Кихней Г., Сафарова Т. В.: К вопросу о фольклорных традициях в творчестве Владимира Высоцкого

К ВОПРОСУ О ФОЛЬКЛОРНЫХ ТРАДИЦИЯХ

В ТВОРЧЕСТВЕ ВЛАДИМИРА ВЫСОЦКОГО

Мне кажется, что у моих песен очень русские корни, и по-настоящему они могут быть понятны только русскому человеку.

В. С. Высоцкий

К настоящему времени появилось немало критических работ, посвященных исследованию творчества поэта. И вопрос о фольклоризме Высоцкого в критике уже поднимался [1]. Как правило, исследователями акцентируется внимание на обращении Высоцкого к тем или иным элементам устного народного творчества, выявляются приемы и методы их использования.

На наш взгляд, чтобы понять природу какого-либо художника, писателя, поэта (в данном случае — Высоцкого), недостаточно выявить специфику его языка, стиля, художественного метода. Необходимо в первую очередь ответить на ключевой вопрос: а каков его мировоззренческий фундамент? Так, при рассмотрении проблемы фольклорных рецепций в песенном творчестве Высоцкого речь должна идти не только о сознательной установке на фольклор (который является ядром каждой национальной культуры и потому, вероятно, всегда будет оставаться продуктивным материалом для всех видов искусства), сколько — о выявлении специфики художественного сознания поэта. Принимая во внимание авторитетное мнение К. В. Чистова: «Что же касается современных русских поэтов-певцов, то можно определенно говорить о том, что их творчество вовсе не является продолжением архаической фольклорной традиции — это новая синтетическая форма, только внешне (сочетание функций поэта, композитора и певца) напоминающая ее и возникшая на современной социально-психологической и культурно-исторической почве» [2], мы, тем не менее, разделяем точку зрения Н. Крымовой, считающей, что в случае с Высоцким мы имеем перед собой «редкий пример фольклорного сознания у современного поэта» [3]. Однако сам термин фольклорное сознание по отношению к поэту 60–70-х годов XX века кажется нам несколько неадекватным, поскольку фольклорным сознанием (в его прямом значении) обладают создатели и непосредственные носители так называемого старинного фольклора. Разница в несколько столетий, отделяющая их сознание от сознания наших современников, этим понятием совершенно не учитывается.

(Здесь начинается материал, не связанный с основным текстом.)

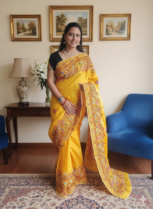 Each motif is delicately crafted using vibrant threads, mirrors, and zari highlights, creating a stunning contrast against the lustrous silk base. The saree’s soft texture ensures a graceful fall, while the handcrafted border and pallu reflect fine traditional detailing.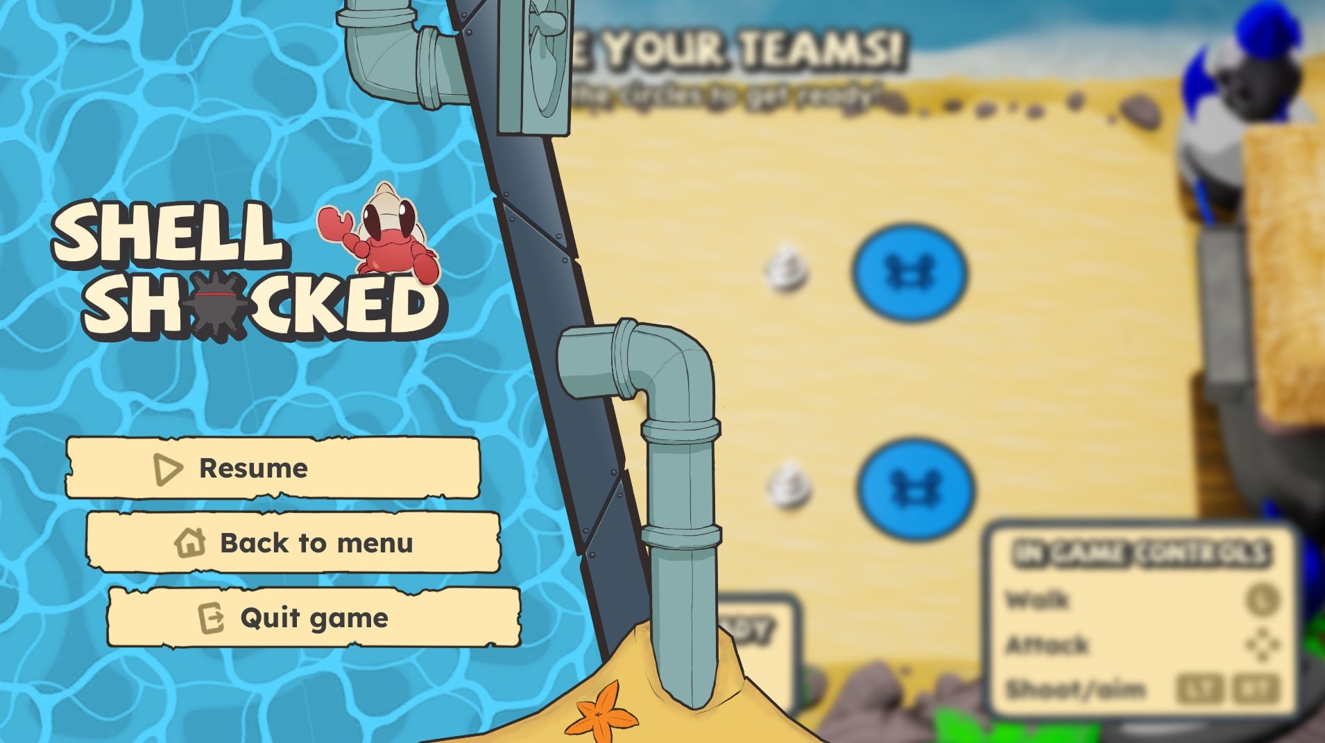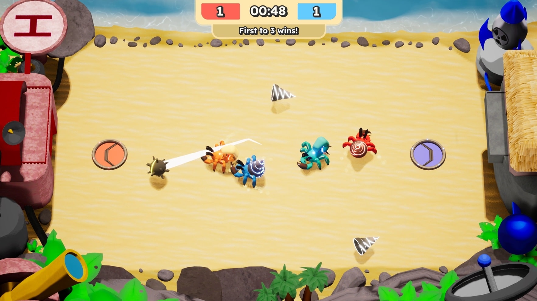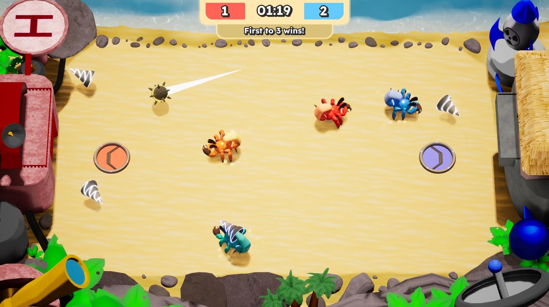 Shell Shocked is a 2v2 couch coop game where you play as a mechanized hermit crab trying to get a mine into the opposing team's goal. Stun crabs, shoot shells, and hit the ball to try and get the highest score for your team and win in the chaos! Get ready to be Shell Shocked!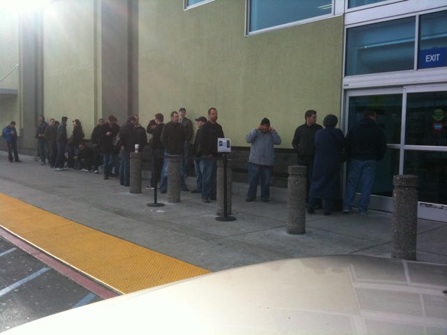 Here’s the 15th guy in line at San Fancisco’s Best Buy on Harrison Street (the one sitting down). Everyone behind him — and there’s about half-a-dozen — better have both fingers crossed. There’s reportedly only 15 iPads at each Best Buy (but the limit is one-per-customer). Doors open any minute now. Good luck guys!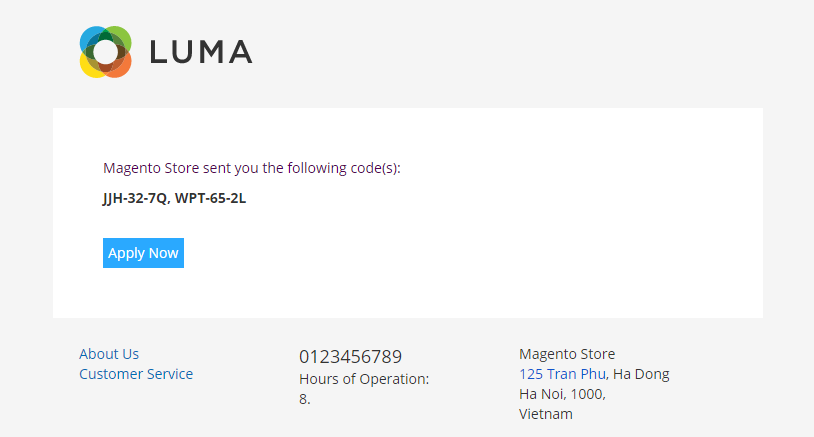 This is an example of the email for informing generated coupon code(s).
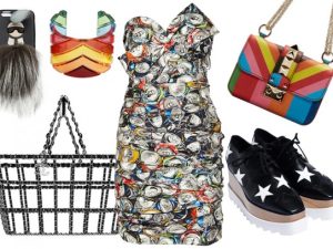 например, цветной искусственный мех, ботинки Stella McCartney, принтованные клатчи — вполне применимы и в обычной жизни.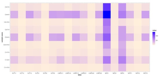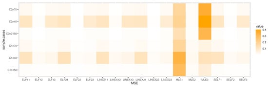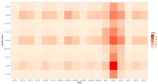 Figure 6, Figure 7 and Figure 8 show heatmaps of MSE for parameters of the KMKE distribution, where the X-axis shows the MSE based on different estimation methods with each parameter , and , respectively (MLE1 is a MSE for , MLE2 is a MSE for and MLE3 is a MSE for ), while the Y-axis shows the MSE based on different cases and sample sizes, for example: C1n40 is an actual value of the parameter in Table 3 where , and n = 40; C1n70 is an actual value of the parameter in Table 3 where , and n = 70; and C2n70 is an actual value of the parameter in Table 3 where , and n = 70.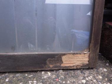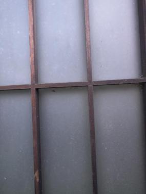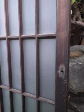 わけあり品。下桟に痛みがあるため。曇りガラスが使われており、透けません。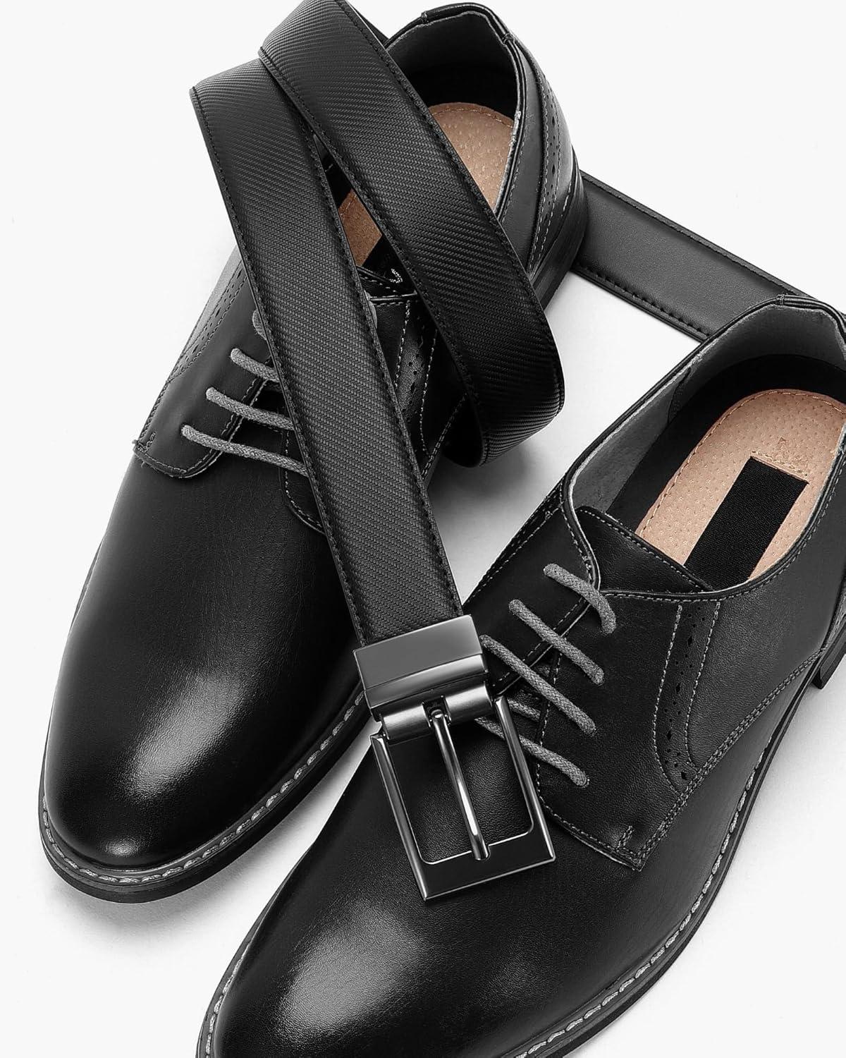 CHAOREN Reversible Belt Men 1 Piece - 1.25" Leather Dress Belt - Trim to Fit for Elegant Style(Classic Black/Twill Black)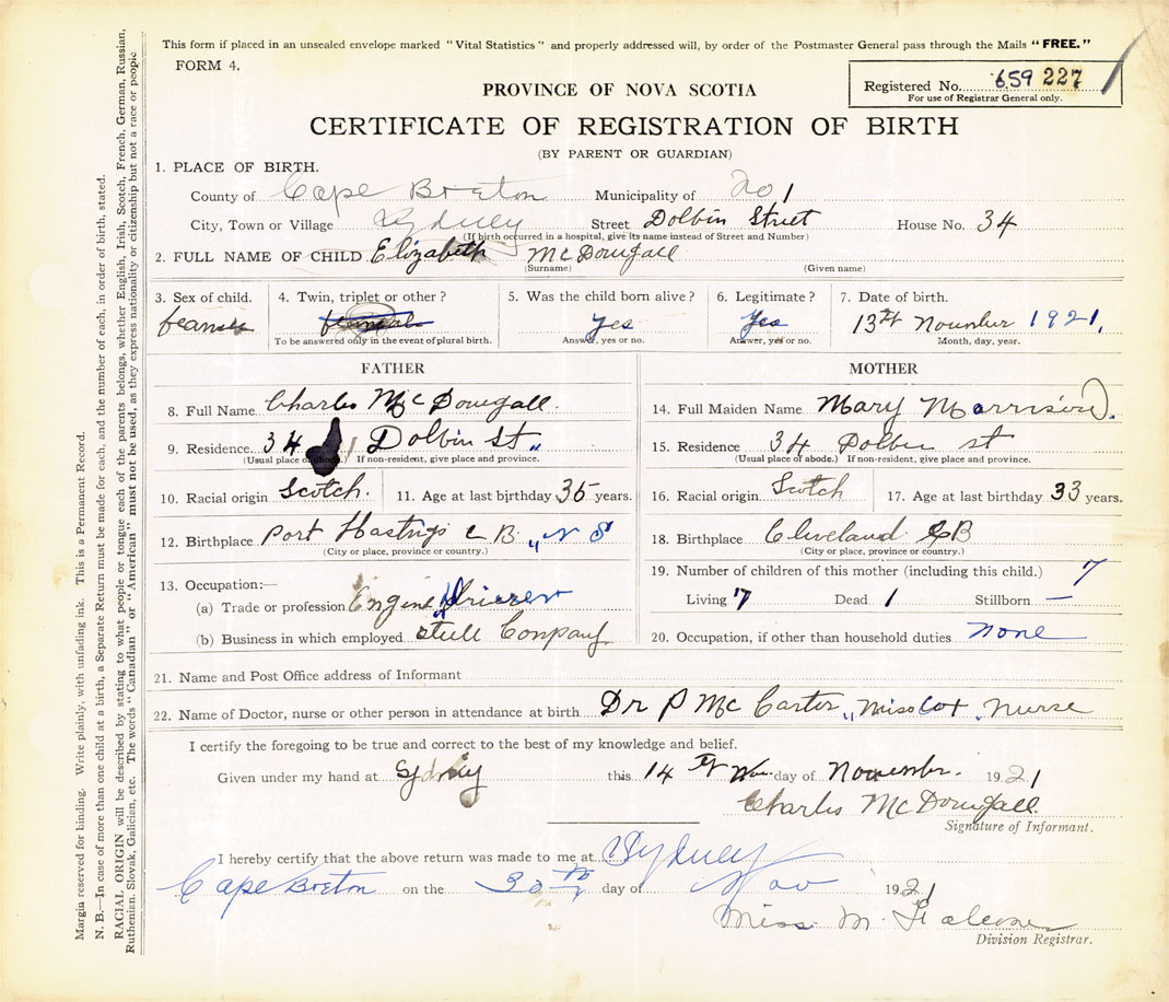 21. Name and Post Office address of Informant Charles McDougall 34 Dolbin St, Sydney, Cape Breton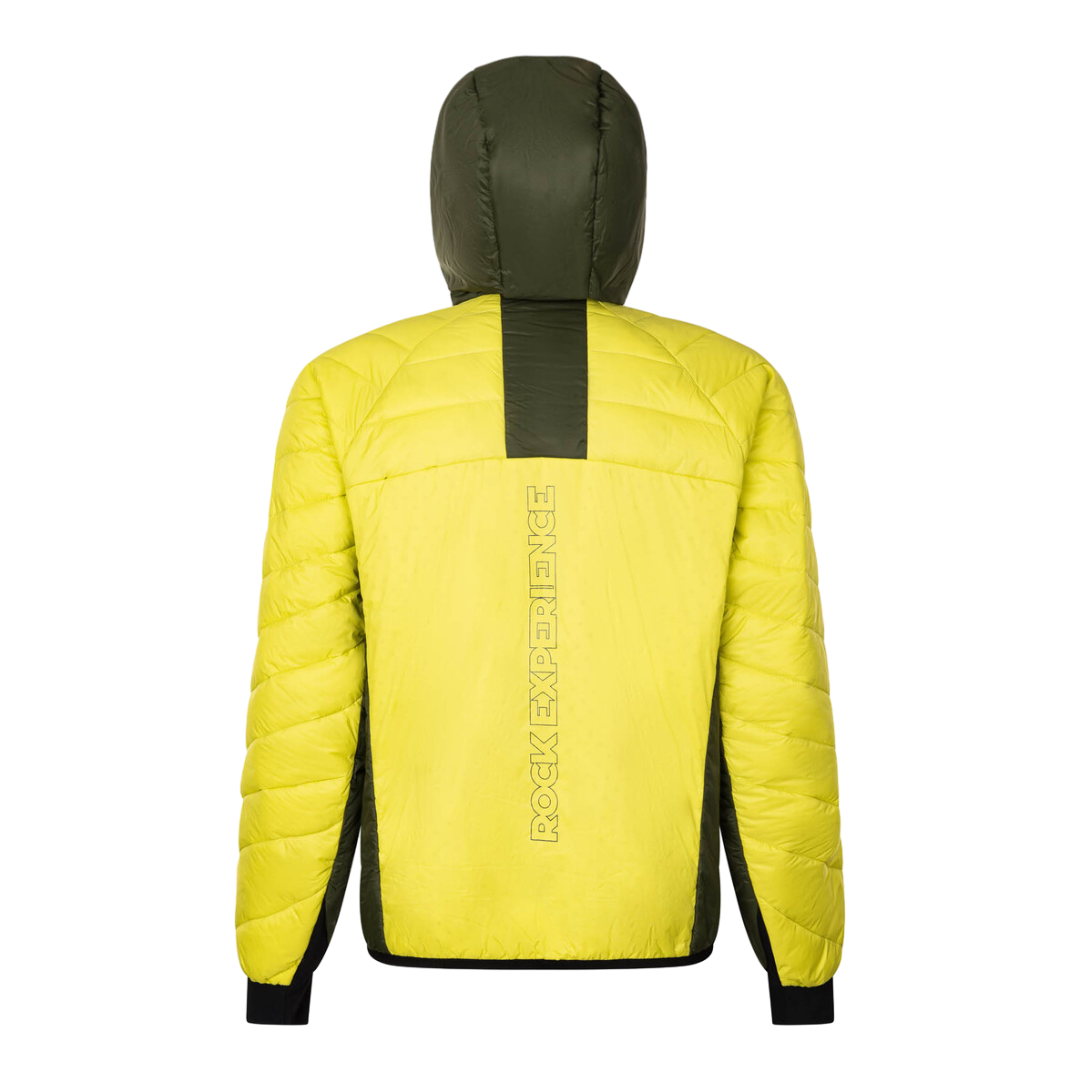 Il risultato è una giacca ibrida con imbottitura in finta piuma su busto, spalle e parete superiore delle braccia, la quale conferisce calore e lo mantiene anche quando bagnata, oltre ad essere molto comprimibile. Schiena, fianchi e cappuccio presentano invece un'imbottitura HolesNet caratterizzata dalla presenza di fori che permettono la circolazione dell'aria e la fuoriuscita del vapore acqueo durante l'attività aerobiche più intense.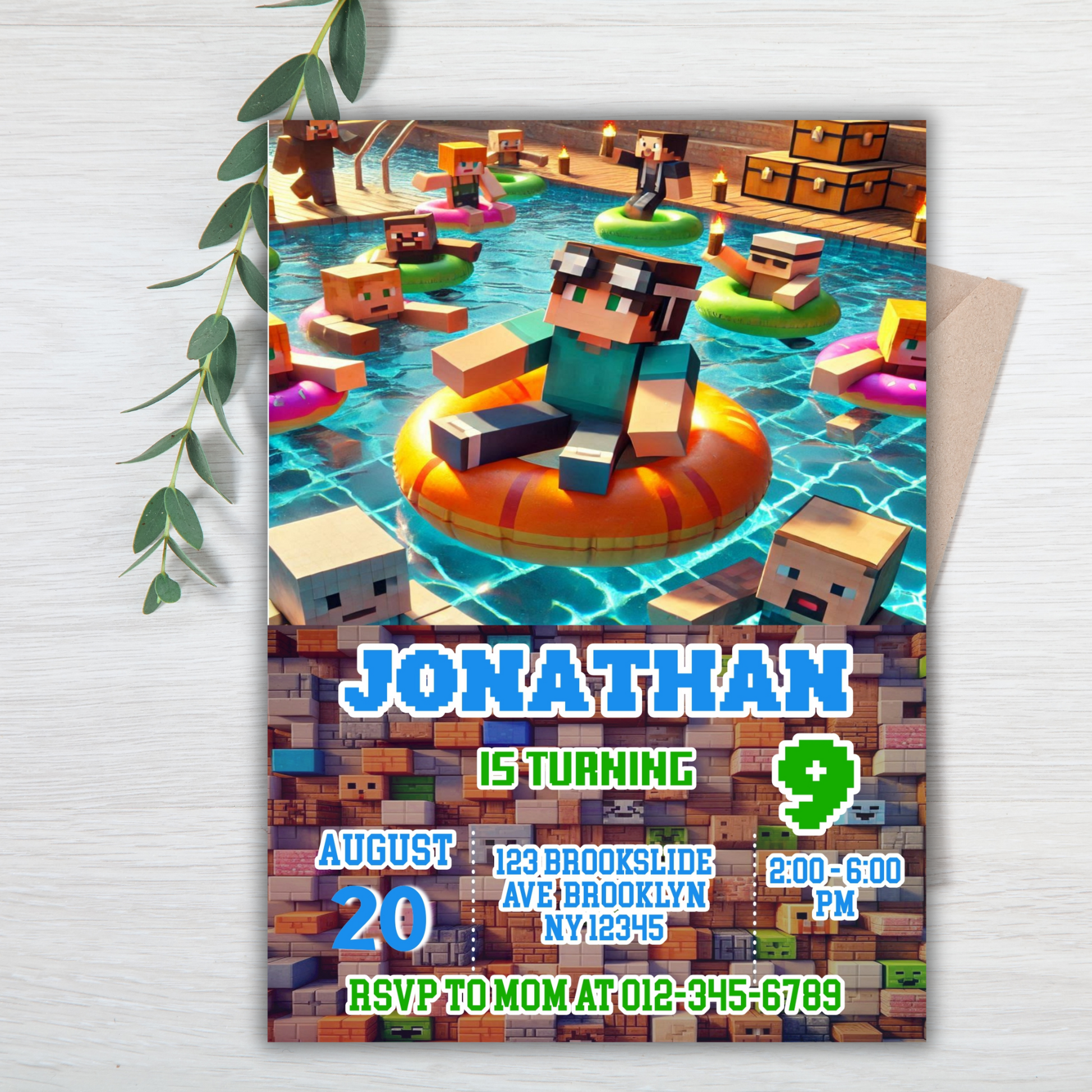 Minecraft Birthday Pool Party Invitation | Pink Digital Pixel Water Party Invite | Boy Minecraft Gamer Pool Party Birthday Digital Invite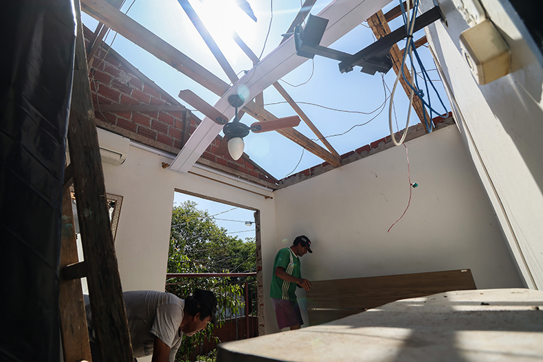 “As escolas e creches foram muito afetadas. Começamos nesta parte para que os pais possam trazer seus filhos para as creches o quanto antes. Agora estamos dentro do bairro porque caíram muitas árvores no meio das ruas e em cima das casas, e muitas residências ficaram destelhadas”, declarou, enquanto acompanhava o trabalho das equipes no Bairro Independência ontem pela manhã.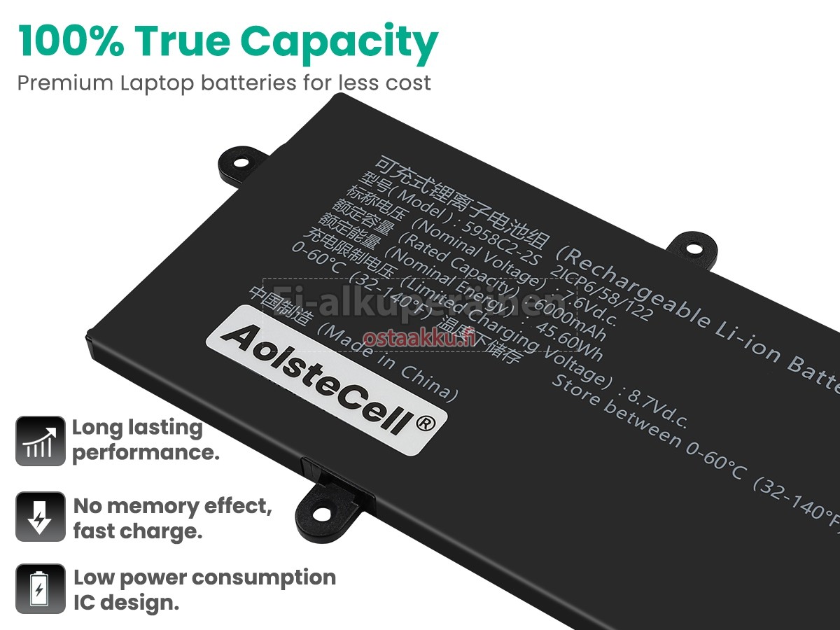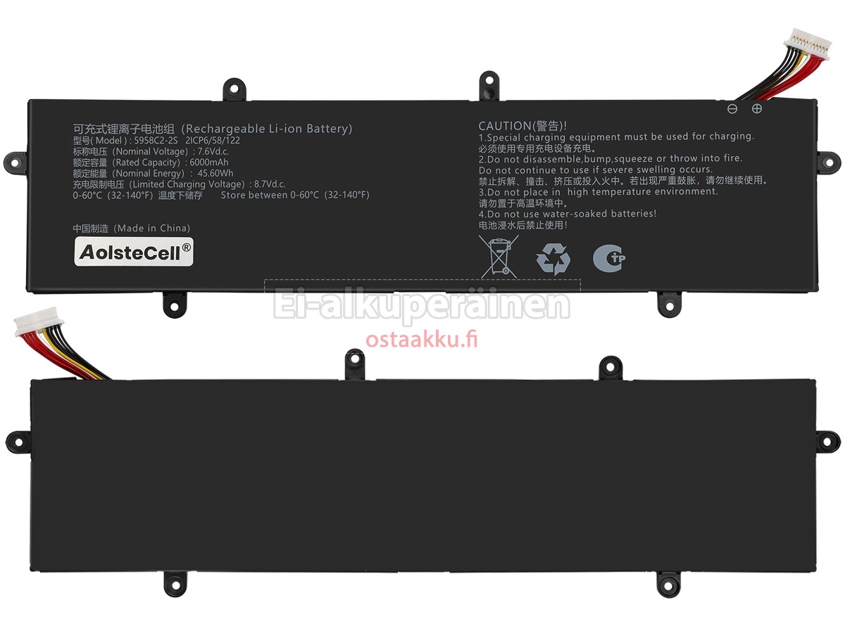Vaihdettava akku Mechrevo 5958C2-2S on uusi. Ehdottomasti ei myydä käytettyjä akku tai uudistettu. Akut ovat valmistettu parhaista solujen ja komponentteja.

Мы же считаем, что имеет смысл привлечь к решению проблемы столь актуальную в настоящее время теорию менталитета, разговор о котором выводит нас на проблемы народных традиций, национального характера, духовного склада и духовной основы народной жизни. Мы руководствуемся следующим определением менталитета: «Складываясь, формируясь, вырабатываясь исторически и генетически, менталитет представляет собой трудно поддающуюся изменениям устойчивую совокупность социально-психологических и духовно-нравственных качеств, взятых в их органической целостности, <...> определяющих все стороны жизнедеятельности данной общности и составляющих ее индивидов» [4].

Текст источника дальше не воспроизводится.